Still not finished, but here's the Mode 7 wiring diagram for the P1353ME:



When considering the level of the engineering behind this timer, this wiring diagram is not encouraging. If an electrician follows this diagram as drawn, he will wire in a dead short.

Here's why:

Normal electrical schematic convention is to show wiring connections as plain intersections -- usually, but not always with a DOT at the intersection -- and wiring CROSSINGS (no connection) with an inverted "U" or hump in the crossing wire. You can see just such a hump where the pump "COMMON" wire crosses one of the 240V "LINE" connections.

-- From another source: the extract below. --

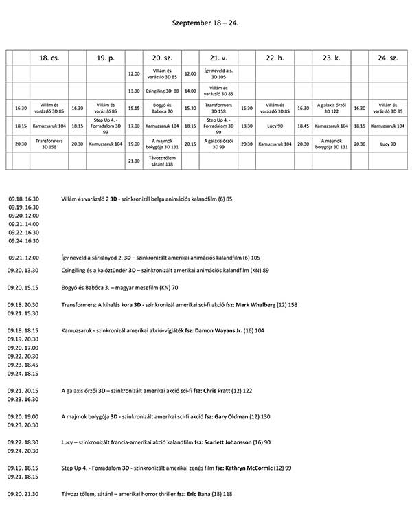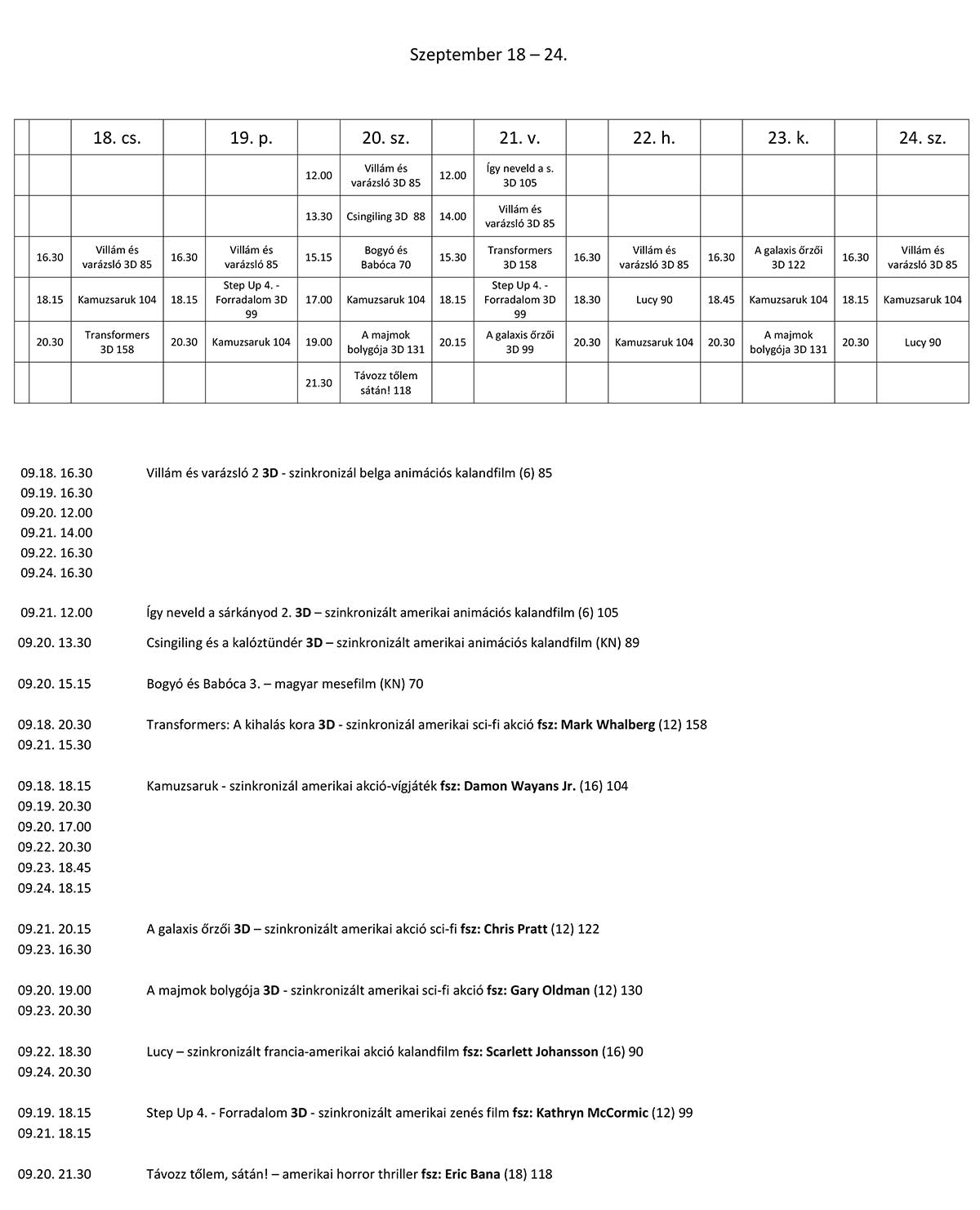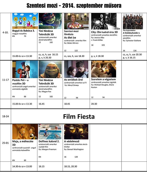 Bővebb információért keressék a Szentesi Mozi web- és Facebook-oldalát: www.szentesimozi.hu, www.facebook.com/szentesimozi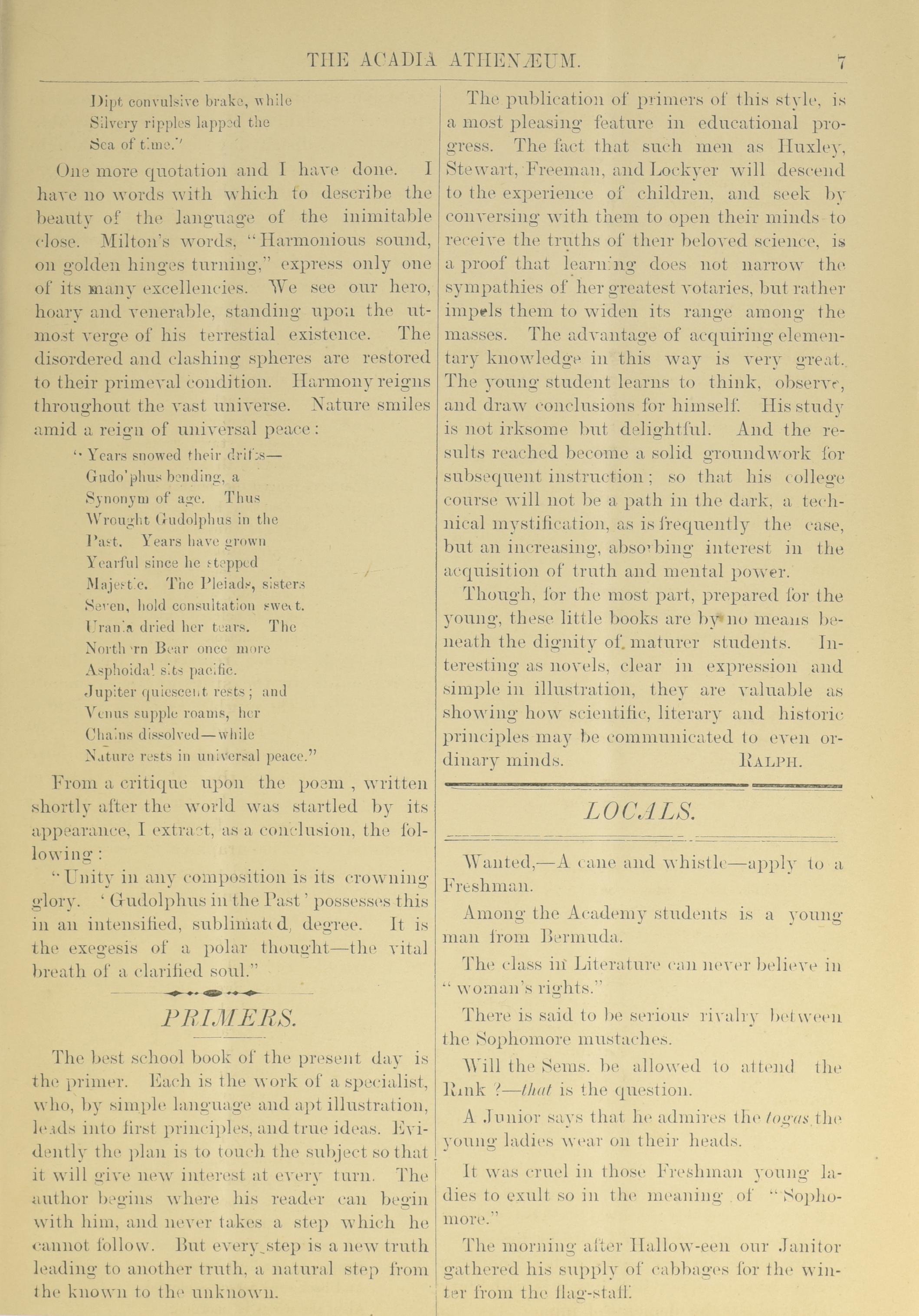 - The Acadia athenaeum : Vol. 8, no. 2 (Nov. 1881)

There SHOULD be another such inverted "U" at the point the jumper from the #3 terminal to the #5 terminal crosses the #4 terminal. The fact that the engineering staff let this serious wiring error reach publication speaks VERY poorly of the engineering safety and conscientiousness lying behind this unit.

And that's a problem.

With electromechanical units, they tend to to work right, or not at all. By contrast, electronic controls routinely enter the "brain-fried" mode, with erratic or unpredictable output: you've experienced this on your laptop or personal computer if you have used one much at all. On your computer, you just reboot. But, if this electronic timer -- engineered by guys who can't be bothered to get a basic schematic right -- goes into 'brain-fried' mode, you could smoke your pump motor.